Oruç ibadeti arınma, temizlenme, sabır ve kendine hakim olma ayıdır. Rabbimiz ibadetin temelinde insana kazandırmak istediği bir takım değerler var. O nedenle Müslümanların, Ramazan ayına ve Müslüman’a yakışmayan ve oruç ibadetiyle bağdaşmayan bir takım yanlış davranışlar içine girmemeleri gerekir.
Sahurlara kadar kahvelerde oyun oynayarak, çoluk çocuğumuzdan uzakta yanlış işler yaparak akşama kadar helalinden oruç tutmanın bir anlamı yok. Nasıl ki akşama kadar helal olan gıdalardan uzak durarak orucumuzu tutuyorsak, en iyisi haramlardan da oruçlu olmak lazım.
Günah işlerden de oruçlu olmak lazım.
Ramazan ayı vesilesiyle zor durumda olan insanlarımıza dualarımızı eksik etmeyelim. Diyanet İşleri Başkanlığımız da bu nedenle bu Ramazan’ın temasını ‘gelin gönüller yapalım bu Ramazan her zaman’ şeklinde belirledi. Ramazan vesilesiyle kırılan gönülleri, orada zorda olan insanların yaralarının sarılması noktasında önemli bir fırsat.

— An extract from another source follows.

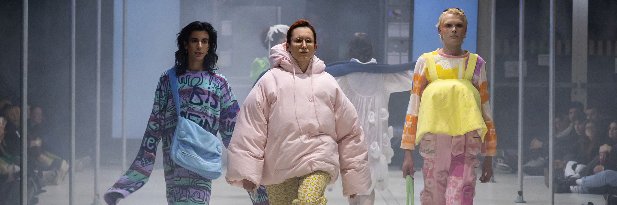 Am 11. Februar 2023 haben 23 Designer:innen des Studiengangs BA Mode-Design am Institute Contemporary Design Practices (ICDP) ihre Abschluss-Arbeiten inszeniert und performt. Der Live Act ging im Hochhaus der HGK Basel FHNW auf zwei Etagen vor mehr als 1000 Zuschauer:innen über die Bühne.

Dualarımızla, maddi ve manevi yardımlarımızla zorda olan Müslümanlara destek olmak durumundayız. Ülkemizde Suriye, Irak ve çeşitli yerlerden mülteciler var. Onların da bizim yardımımıza desteğimize ihtiyacı var. Güler yüzlerimize ihtiyaçları var. Ramazan ayı aynı zamanda bir yardımlaşma ayı. Fitre, zekat, sadakalarımızla onlara da Ramazan ayının o güzel havasını teneffüs etmelerini sağlamak gerekir. Müslüman oruç sayesinde hem Allah’ın nimetlerinin kadrini bilecek hem de bir tas çorbaya muhtaç insanların halini anlamak konusunda önemli bir ibadettir
Ramazan ayı geldiğinde kapılarımızda veya sokaklarda maalesef İslam’ın tasvip etmediği bir Müslüman’a yakışmayan bir takım istismarcılar oluyor. Bunlara dikkat etmek lazım. ‘Ben vereyim de nereye giderse gitsin, benden çıksın da ne olursa olsun’ değil de yardımın yerini bulma noktasında da bir hassasiyetin oluşması lazım. Halini arz edemeyen, derdini anlatamayan, kendi yokluklarıyla boğuşan insanları bulup buluşturmak bize düşen görevdir.